Address errors and back pressure directly. What happens when something goes wrong? Do we stop, raise, log, alert? What happens when there’s too much data? What happens when we need to run the same data more than once? What happens when we write bugs and need to fix them? Does order matter? The easier it is to make a mistake, the easier it is to handle things well because I can focus on the task at hand instead of worrying about what I would do when something goes wrong.
Consider writing service objects, classes that perform a single function. These are easier to test and replace. If you write these, don’t be afraid to memoize values. Trying to remember what side effects I may or may not have caused gives me a headache. It’s better to guarantee that things don’t change. This is especially useful when testing a new system or changing an old system.

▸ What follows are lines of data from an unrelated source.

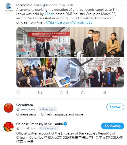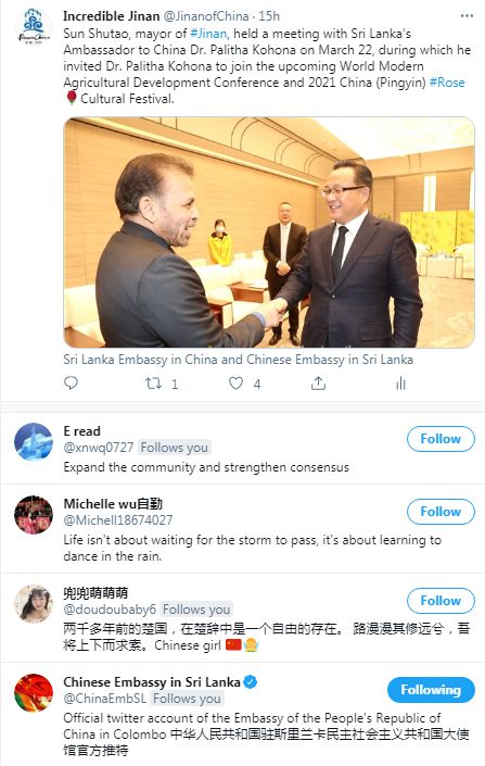 同时中国驻斯里兰卡大使馆官方推特关注济南市官方推特,并点赞“孙述涛会见斯里兰卡驻华大使科霍纳”、“济南爱心企业德迈集团向斯里兰卡捐赠抗疫物资”2篇推文。
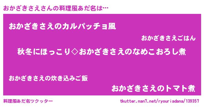 | 意味不明あだ名 | 『住所不定無職おかざきさえ(47歳)』 |
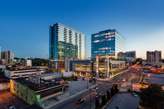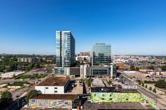 At the corner of Demonbreun Street and 12th Avenue in The Gulch, this new 285,000 square foot, 15-story office tower is close to both downtown and Music Row. Sited to dynamically speak with it 23-story residential neighbor, TWELVE | TWELVE, at the southeast corner of the block, 1201 Demonbreun marks its location as a gateway to the inner loop of Nashville through its verticality and welcoming streetscape. The building’s 4-story podium includes retail, office and a restaurant, all which wrap an above-grade parking structure. The podium defines a pedestrian scale and activates the street by placing occupied spaces adjacent to the sidewalk. A fitness center and fifth-story green roof terrace are included as occupant amenities and enjoy sweeping skyline views. For additional parking, the building also includes a 950-car below-grade lot.
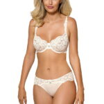 Newia is a lovely lacey collection from Roza offering a choice of four colours push up or soft cup bra options along with a delicate thong or brief. All items are available separately making them a ideal for mix or match options. The lacey ivory soft cup bra is decorated with a centre satin ribbon bow and diamante. The beautiful scalloped edges and decorated straps add to Newia’s feminine charms. Adjustable shoulder straps and hook and eye fastener at the back. This item arrives packaged in a lovely Roza box.
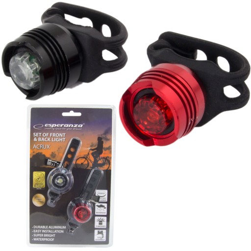Велосипедний ліхтар Esperanza ACRUX складається з ПЕРЕДНЬОГО ліхтаря з білим світлом і ЗАДНЬОГО ліхтаря, що випромінює червоне світло.
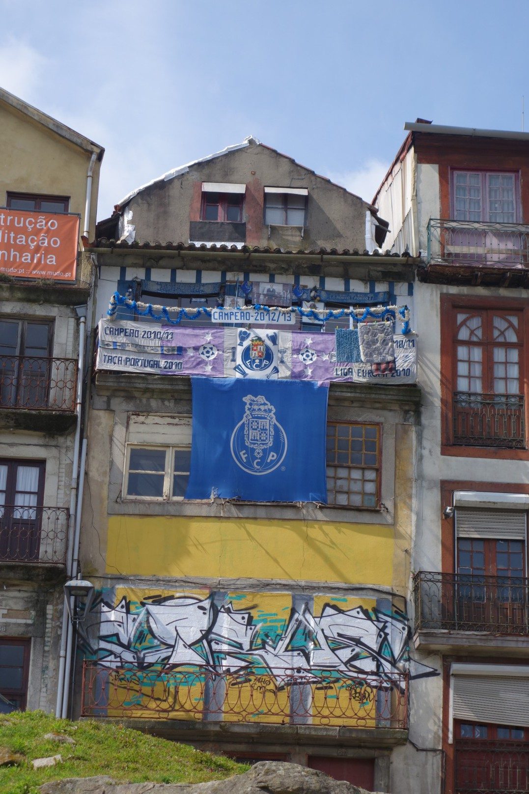Am Spieltag selbst begab ich mich vor dem Spiel zurück in die größte Stadt der Region, nach Porto. Die hat zwar nur knapp 60.000 Einwohner mehr als Braga, gilt aber in der Region als absolute Metropole. Und das konnte man auch merken. Viele Touristen, viele Sehenswürdigkeiten, sehr viel Trubel und eine kleine Überraschung: Die knapp 1000 Auswärtsfans aus der Türkei mit ihren gelb-blauen-Trikots. Hier hatten sie sich also versteckt. Und wenn ich den amerikanischen Dialekt eines türkischen Fans und die getragene Jacke mit dem Aufdruck „Fenerbahce Fans USA“ richtig gedeutet habe, gab es sogar den Fan mit der vermeintlich längsten Anreise.
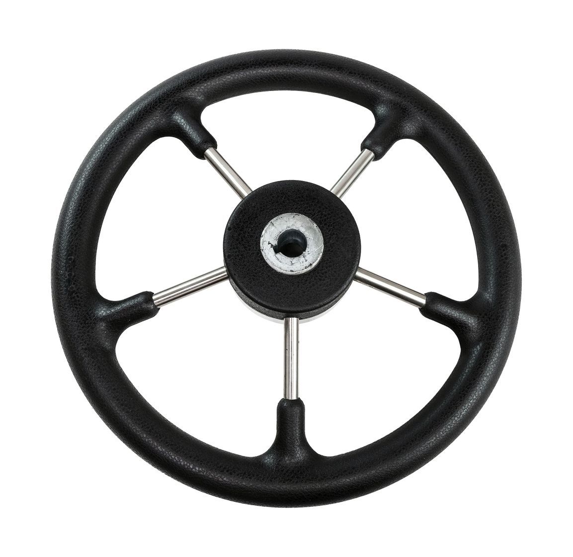 Рулевое колесо, стандартная шпоночная посадка на конус. Подходит для большинства рулевых редукторов. Характеристики Цвет черный Обод, материал полиуретан Спицы, материал нержавеющая сталь
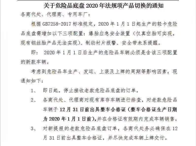 3、對于新提報的老款危險品車底盤訂單,必須確保在12月31日出具整車合格證,并盡快完成車輛上牌交付!
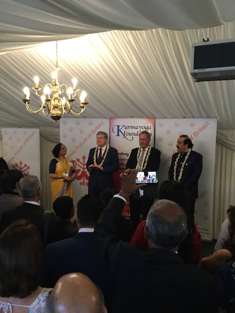 Lord Dholakia mentioned about the 39 dead bodies that were found on the day and asked all the Hindus to pray for the departed souls (39 immigrants from East European countries died mysteriously in the frozen compartment of a lorry). He asked Hindus to come forward and take part in politics. He praised the law-abiding Hindus and said even inside the prisons we find very few Hindus where as Muslims occupy 25 percent.
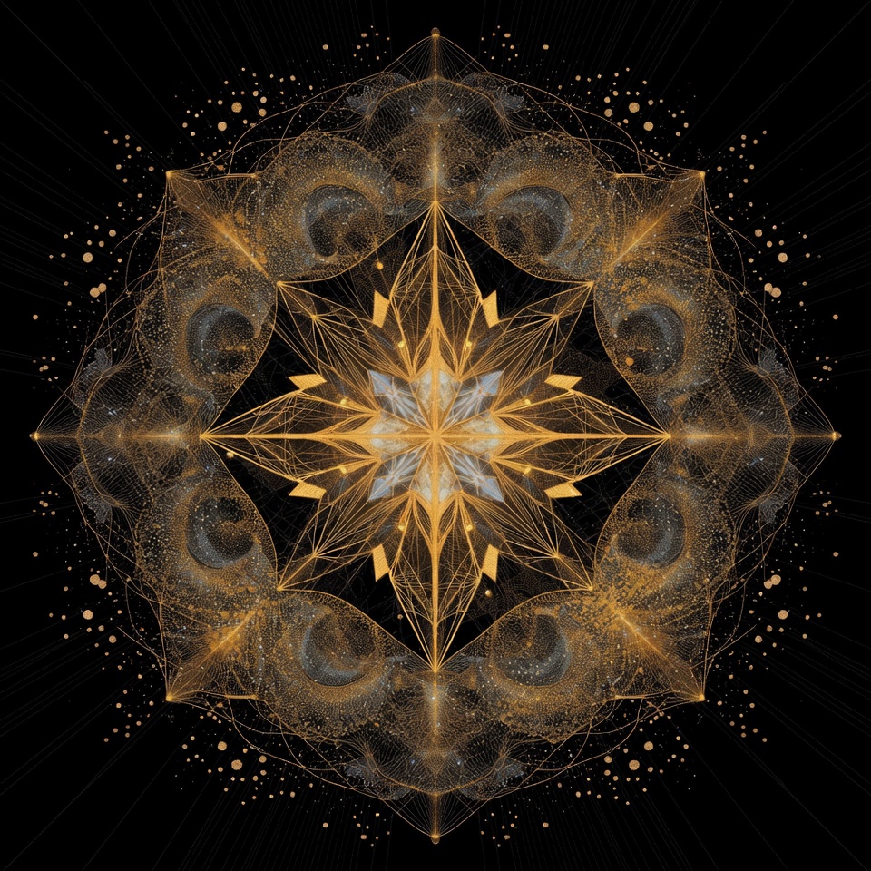 abstract art, black background, cosmic pattern, decorative art, digital illustration, fractal art, geometric pattern, glowing gold, gold design, golden mandala, intricate lines, mystical design, ornate pattern, radial symmetry, sacred geometry, sparkling particles, star shape, symmetrical design, wireframe mandala, mandala
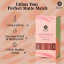 Product Highlights | - NOY Pure Matte Nude Colours Liquid Lipstick Highly Pigmented Modern Shades, Quantity -4 Pieces, Capacity 4ml Per Pcs In High Premium Plastic Container, 100% Cruelty & Toxic-Free Ingredients, Long Lasting-Upto 15 Hours, High Sensational Trendy & Classic Nude Colors With Vitamin E Rich Ingredients, Vibrant Colors, 100% Waterproof, Kiss-Proof, Non Transfering On A Clothing, Drinking, Talking, Eating, Sleeping Enjoy Every Moment Hussle Free, No Fading All Day, Non Sticky & Smudge-Proof & Live Confidentaly Without Worry Super Smooth Western Matty Finish For Classic Women And Complete Full Coverage In A Single Stroke Matte Lip Color, Easy To Remove With Any Makeup Remover "Lightweight, Moisturizing-Hydrating-Breathable And Comfortable On All Types Of Lip"
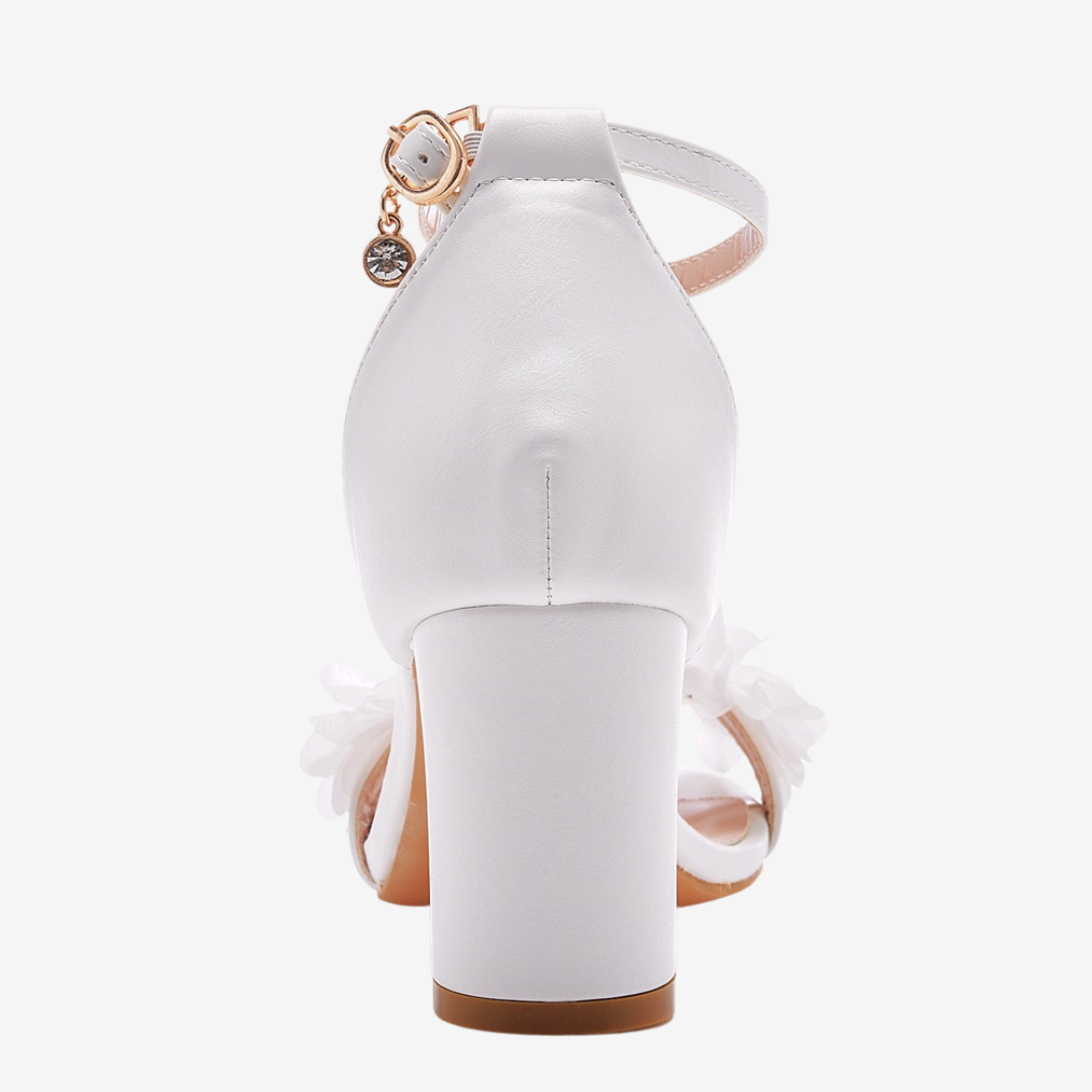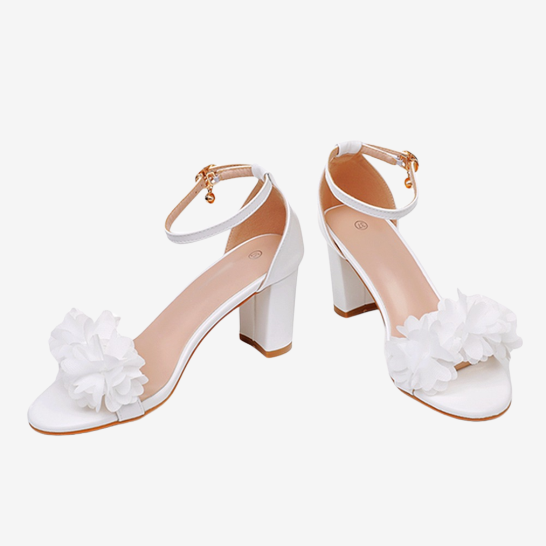 Les talons Énora™ allient élégance et confort. Ornés d'un délicat décor floral et d'une boucle ajustable à la cheville, ces sandales à bout ouvert apporteront une touche de féminité à toutes vos tenues. Leur teinte blanche leur confère fraîcheur et polyvalence, les rendant idéales pour les sorties décontractées comme pour les grandes occasions.
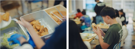佐伯市内の全小中学校の学校給食で「アイゴのフライ”アイボー”」を提供。パン給食の日では開いたパンにアイゴを挟みお手製のフィッシュバーガーを作って食べる子がいたり、ご飯給食の日も「アイゴ美味しい」とアイゴをおかずに箸が進む様子が印象的でした。給食時には、アイゴや海の学びを深めることのできるオリジナルのランチョンマットを配布するとともに、昨年度事業にて地元高校生と制作した学習用動画「アイゴから学ぶ海の変化」の映像を流してもらい、食べながらも気軽に楽しく学べる工夫を施しました。また、給食時に行われる校内放送でも各校の放送担当の生徒がアイゴの紹介を行い、アイゴや佐伯ウラオモテアクトの取組について知ってもらう機会となりました。
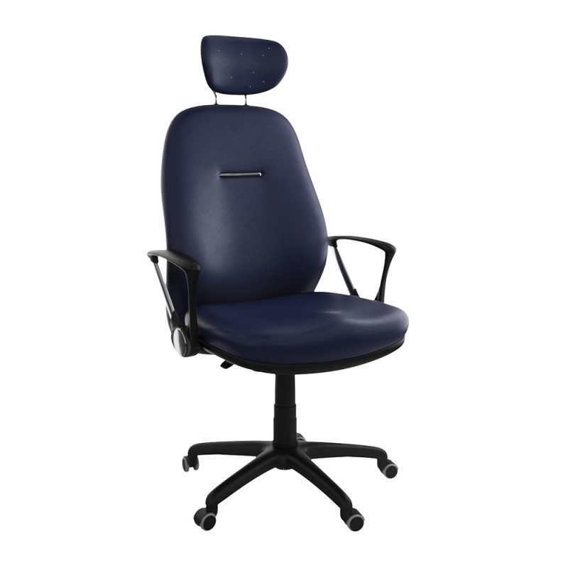 Assise et dossier en mousse injectée. Revêtement en simili cuir. Repose tête en mousse injectée revêtu en simili cuir. Accoudoirs en acier chromé et Polypropylène noir. Mécanisme Basculant, tournant, roulant, réglable en hauteur et en inclinaison. Structure étoilée à 05 branches en Polypropylène couleur noir avec 05 roulettes tournantes roulantes à double galets.
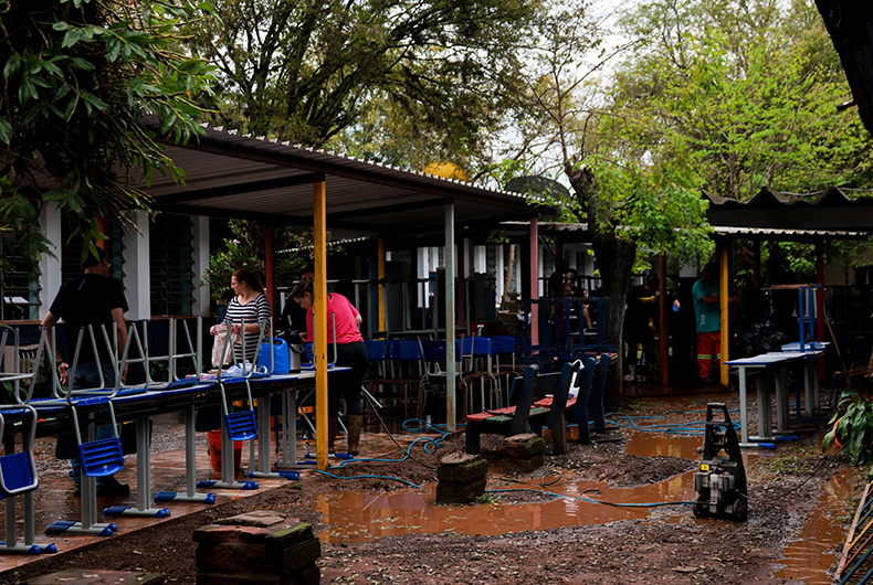 Cerca de 50 pessoas auxiliavam na limpeza do espaço. Entre eles professores, funcionários e equipes do Corpo de Bombeiros e da Superintendência dos Serviços Penitenciários (Susepe). “No sábado anterior ao ocorrido, nós realizamos reunião com as famílias. Estávamos comemorando o cenário positivo da escola. Com a enchente, apenas 10% dos estudantes não foram atingidos. Apesar de tudo, o que nos deixa felizes em meio a isso tudo é essa solidariedade.”
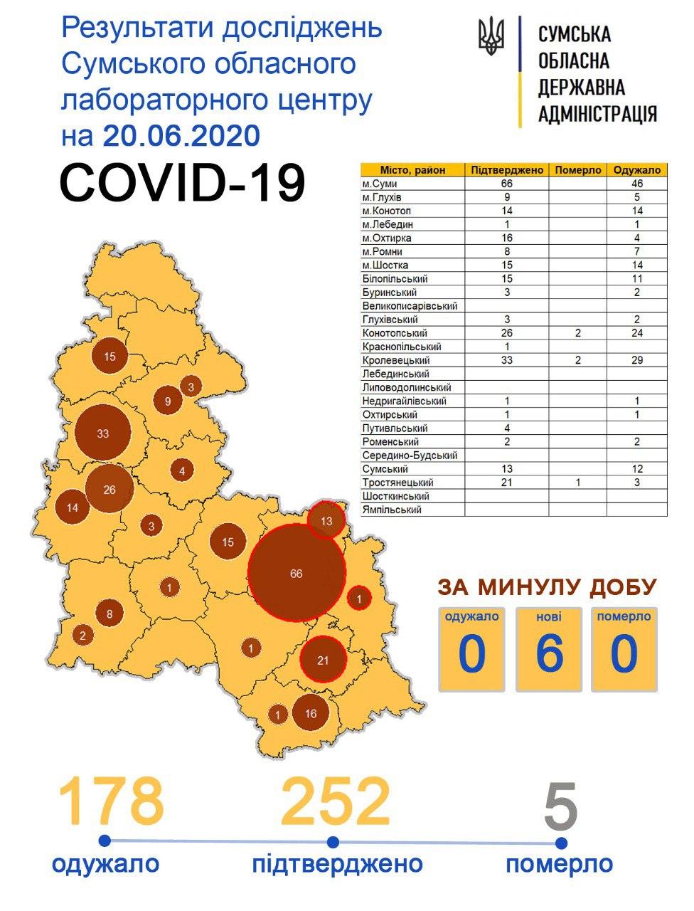 По информации Сумского областного лабораторного центра МЗ Украины, за все время пандемии коронавируса в Украине в г. Сумы было зафиксировано 66 случаев заболевания (46 вылечилось), в Сумском районе - 13 (12), г. Ахтырка – 16 (4), г. Конотоп - 14 (14), Конотопский район - 26 (24 вылечилось, 2 умерло), Кролевецкий район – 33 (29 вылечилось, 2 умерло), г. Шостка - 15 (14), Тростянецкий район – 19 (3 вылечилось, 1 умер), Роменский район – 2 (2), Недригайловский район – 1 (1), г. Ромны – 8 (7), Глуховский район – 3 (2), г. Глухов – 9 (5), Бурынский район – 3 (2), Ахтырский район – 1 (1), г. Лебедин – 1 (1), Белопольский район – 14 (11), Путивльский район – 4 (0 ), Краснопольский район – 1 (0 ).

Write unit tests. There are many kinds of tests that may be appropriate, but unit tests are almost always appropriate.
Create a productivity layer. Most libraries are designed to be useful to the greatest number of users, which means there are many low-level functions. Decide what works for your situation and write higher-level functions. For example, an upsert (find and insert or update data) can be implemented in code if you don’t want to use a database-level one. This is another way to say drive details deeper: make the steps you take simple and obvious rather than exposing how your dependencies work.
There are other good ideas, but all of these have been an important part of the last half dozen projects I’ve worked on.